• **Description of the task**: All of the lines below need to be copied exactly, apart from the pictures.

════

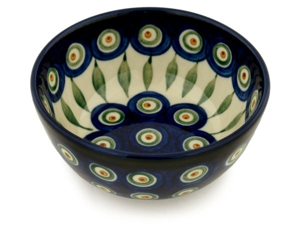 This Peacock Leaves 5" Bowl was handmade and hand decorated in Boleslawiec, Poland by skilled artisans according to old traditional methods. This Polish stoneware is microwave, dishwasher, freezer, and oven safe up to 480°F. It does not contain lead or cadmium. It is part of the Peacock Leaves Collection.
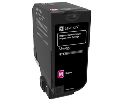 The Original Lexmark Set includes the Lexmark High-Yield Black (74C1HK0), Lexmark High-Yield Cyan (74C1HC0), Lexmark High-Yield Magenta (74C1HM0), and Lexmark High-Yield Yellow (74C1HY0) toner cartridges. Genuine Lexmark High-Yield Toner Cartridges, featuring Lexmark Unison™ unique toner formulation, provide reliable high-quality laser prints with page yields up to 20,000 pages (Black), and 12,000 pages (Color) at 5% coverage.
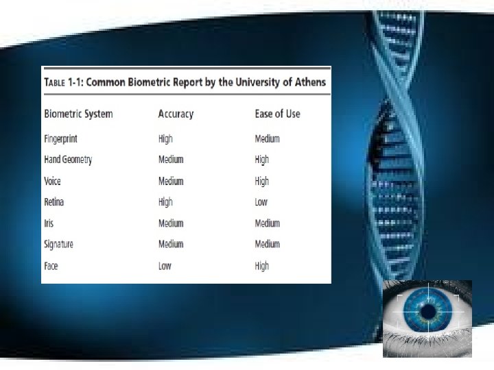 DIFFERENT TYPES OF BIOMETRICS DNA Matching Chemical Biometric The identification of an individual using the analysis of segments from DNA. Ear Visual Biometric The identification of an individual using the shape of the ear. Eyes - Iris Recognition Visual Biometric The use of the features found in the iris to identify an individual. Eyes - Retina Recognition Visual Biometric The use of patterns of veins in the back of the eye to accomplish recognition. Face Recognition Visual Biometric The analysis of facial features or patterns for the authentication or recognition of an individuals identity. Most face recognition systems use local feature analysis.
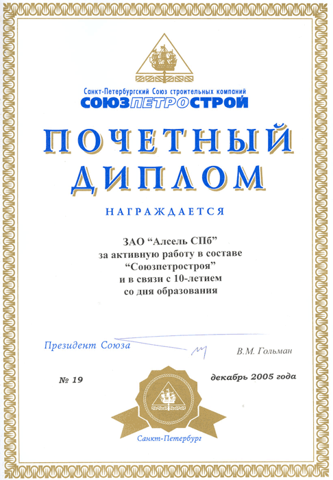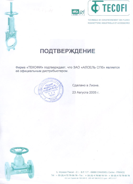 Лицензии и сертификаты компании Алсель Санкт-Петербург
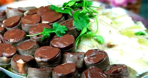 3. 东北血肠 东北血肠是一种将猪血灌入肠衣制成的食品,通常与酸菜、粉条等搭配炖煮。本地人喜爱的血肠可能因其浓烈的味道对外地人来说较难适应。
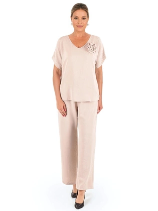 Komplet damski, elegancka, wyszczuplająca tunika z szerokimi spodniami 39257
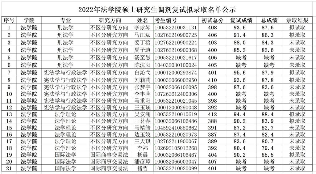 2022年太阳成tyc33455cc官网硕士研究生调剂复试拟录取名单公示
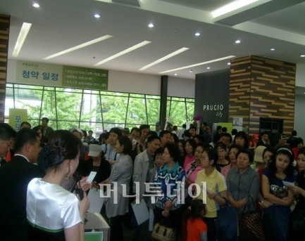 16일 대우건설에 따르면 인천 논현지구 오피스텔 '논현 푸르지오시티' 524실에 대한 현장 청약을 접수한 결과 첫날인 지난 15일 7000여명의 신청자가 몰려 북새통을 이뤘다.

════

• **Response box**:
 This Peacock Leaves 5" Bowl was handmade and hand decorated in Boleslawiec, Poland by skilled artisans according to old traditional methods. This Polish stoneware is microwave, dishwasher, freezer, and oven safe up to 480°F. It does not contain lead or cadmium. It is part of the Peacock Leaves Collection.
 The Original Lexmark Set includes the Lexmark High-Yield Black (74C1HK0), Lexmark High-Yield Cyan (74C1HC0), Lexmark High-Yield Magenta (74C1HM0), and Lexmark High-Yield Yellow (74C1HY0) toner cartridges. Genuine Lexmark High-Yield Toner Cartridges, featuring Lexmark Unison™ unique toner formulation, provide reliable high-quality laser prints with page yields up to 20,000 pages (Black), and 12,000 pages (Color) at 5% coverage.
 DIFFERENT TYPES OF BIOMETRICS DNA Matching Chemical Biometric The identification of an individual using the analysis of segments from DNA. Ear Visual Biometric The identification of an individual using the shape of the ear. Eyes - Iris Recognition Visual Biometric The use of the features found in the iris to identify an individual. Eyes - Retina Recognition Visual Biometric The use of patterns of veins in the back of the eye to accomplish recognition. Face Recognition Visual Biometric The analysis of facial features or patterns for the authentication or recognition of an individuals identity. Most face recognition systems use local feature analysis.
 Лицензии и сертификаты компании Алсель Санкт-Петербург
 3. 东北血肠 东北血肠是一种将猪血灌入肠衣制成的食品,通常与酸菜、粉条等搭配炖煮。本地人喜爱的血肠可能因其浓烈的味道对外地人来说较难适应。
 Komplet damski, elegancka, wyszczuplająca tunika z szerokimi spodniami 39257
 2022年太阳成tyc33455cc官网硕士研究生调剂复试拟录取名单公示
 16일 대우건설에 따르면 인천 논현지구 오피스텔 '논현 푸르지오시티' 524실에 대한 현장 청약을 접수한 결과 첫날인 지난 15일 7000여명의 신청자가 몰려 북새통을 이뤘다.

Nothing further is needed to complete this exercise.